I. This Amended and Restated Promotional Shares Lock-In Agreement ("Agreement"),
which was entered into on the 19th day of July, 2001, by and among FANZ
ENTERPRISES, INC. ("Issuer"), whose principal place of business is located at
3020-I Prosperity Church Rd., Charlotte, North Carolina 28269-7197, and JACKSON
ROSCOE MOTORSPORTS, LLC, J. ROE HITCHCOCK, FREDERICK L. MCDONALD, II and MICHAEL
J. WURTSBAUGH (each individually a "Security Holder" and collectively the
"Security Holders") witnesses that:

          A.        Issuer has filed an application with the Securities
                    Administrator of the States of Alabama, Arizona, Arkansas,
                    California, Colorado, Connecticut, Delaware, Florida,
                    Georgia, Illinois, Indiana, Iowa, Kansas, Kentucky,
                    Louisiana, Maine, Maryland, Massachusetts, Michigan,
                    Minnesota, Mississippi, Nevada, New Hampshire, New Jersey,
                    New York, North Carolina, Ohio, Oklahoma, Oregon,
                    Pennsylvania, South Carolina, Tennessee, Texas, Virginia,
                    West Virginia, and Wyoming ("Administrators") to register
                    certain of its Equity Securities for sale to public
                    investors who are residents of those states
                    ("Registration");

          B.        The Security Holders are the owners of the shares of common
                    stock or similar securities and/or possess convertible
                    securities, warrants, options or rights which may be
                    converted into, or exercised to purchase shares of common
                    stock or similar securities of Issuer.

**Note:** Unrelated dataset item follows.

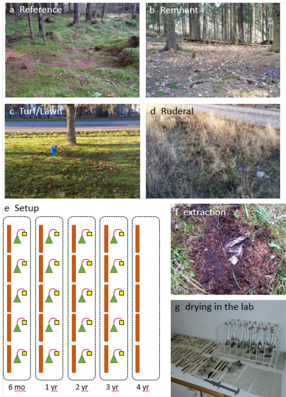
Fig. 1 Field sites and study design. a–d: examples of the four land-use categories investigated, e: field setup showing the five birch wood lolly stick and pyramid shaped green teabag pairs per visit (6 mo = six months after burial, 1 yr, 2 yr, 3 yr, 4 yr = one to four years after burial). Pairs were buried 25 cm apart, f: a lolly stick and teabag being extracted, g: stick and teabag drying in the laboratory. Note that the extraction sequence within a plot raises the potential for bias (e: Setup). For instance, an unknown underlying environmental gradient could have been present along one of the extraction periods (say, visit ‘1 yr’). However, the chance of this being the case across all five replicate plots, and for the same extraction is low

one year (28–29 April 2016), two years (5–10 May 2017), three years (5–7 May 2018), and four years (25–30 April 2019). During each sampling, we removed five wood stick and teabag pairs, except during the last visit when we only removed the remaining five wood sticks per plot.

          C.        The Security Holders entered into a Promotional Shares
                    Lock-In Agreement dated June 13, 2001 (the "Original
                    Promotional Shares Lock-In Agreement"). Issuer has been
                    requested by Administrators to amend the Original
                    Promotional Shares Lock-In Agreement as a pre-condition to
                    approval of the Company's application for securities
                    registration under the Coordinated Equity Review Program.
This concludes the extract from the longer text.